**Supplied information:**

********

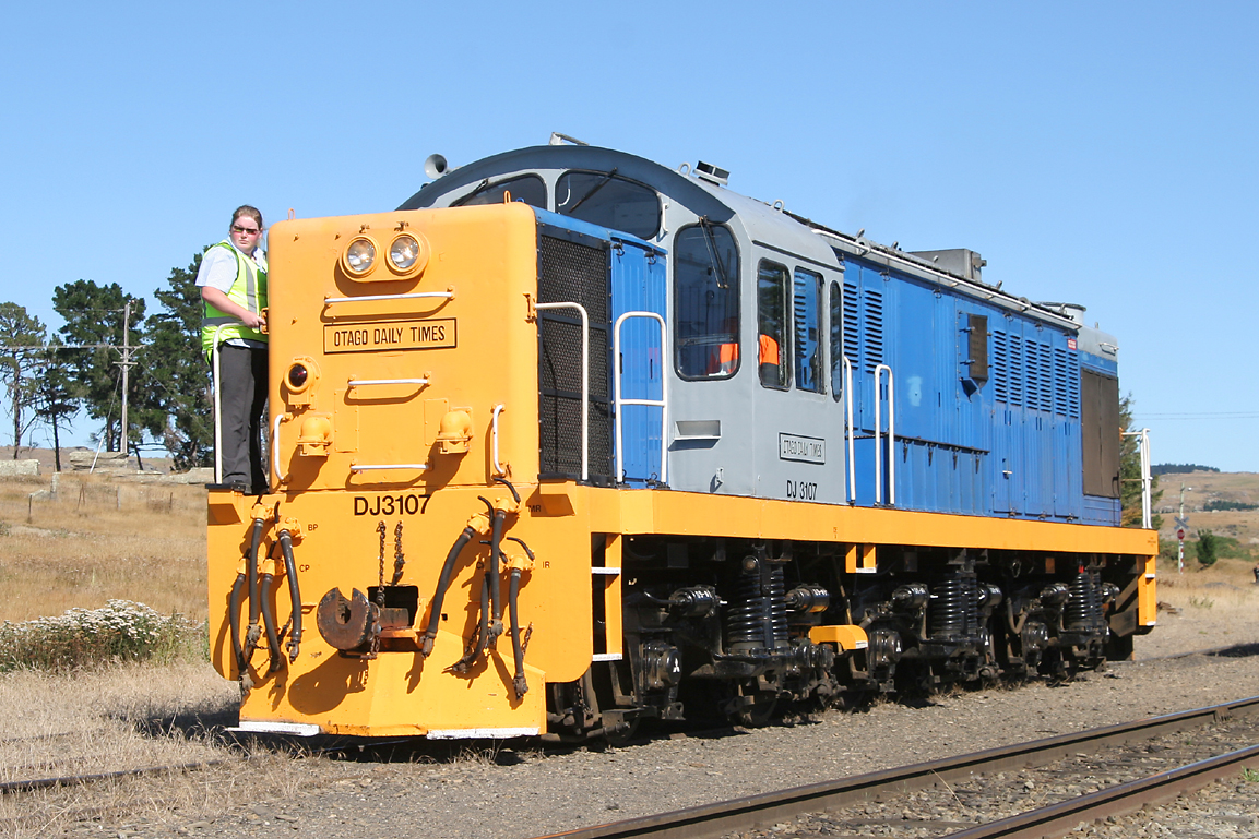 DJ Class No 3107 on the Taieri Gorge Railway. Note Otago Daily Times plaque.
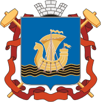 Chusovoi (Perm krai), coat of arms
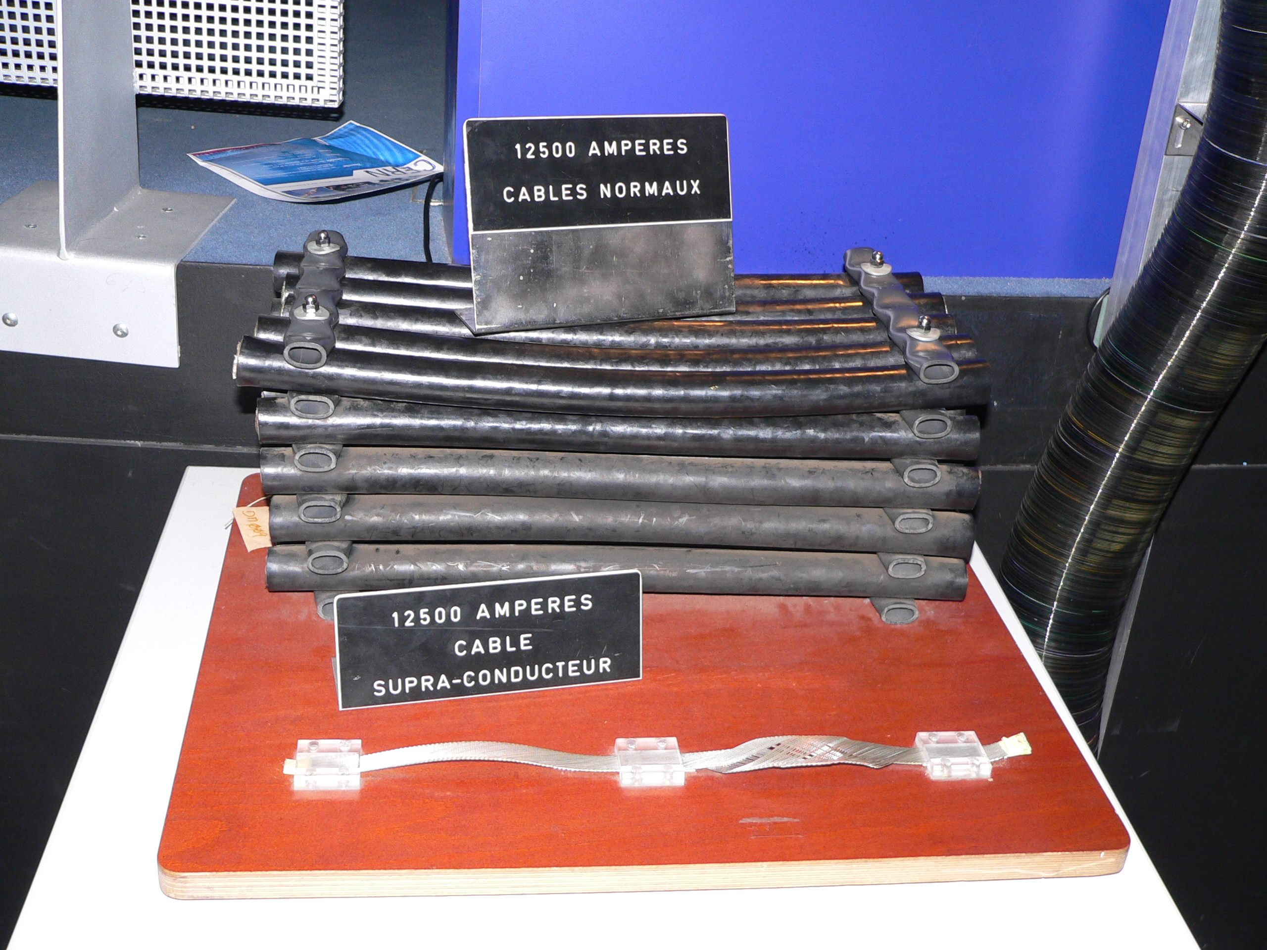 Regular and superconducting cables for 12,500 amperes used at LEP (top) and Large Hadron Collider (bottom) respectively. "Microcosme" exposition at the CERN.
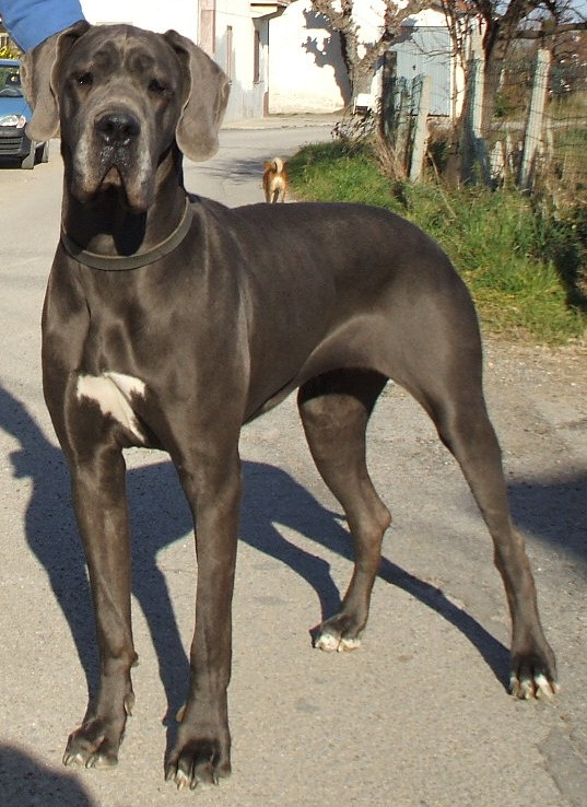 Great Dane

********

**Task directions:** The copy runs from the line containing "Chusovoi (Perm krai), coat of arms" through the last line of the material, both ends included. Reproduce those lines exactly and drop the pictures.

**Written answer:**
 Chusovoi (Perm krai), coat of arms
 Regular and superconducting cables for 12,500 amperes used at LEP (top) and Large Hadron Collider (bottom) respectively. "Microcosme" exposition at the CERN.
 Great Dane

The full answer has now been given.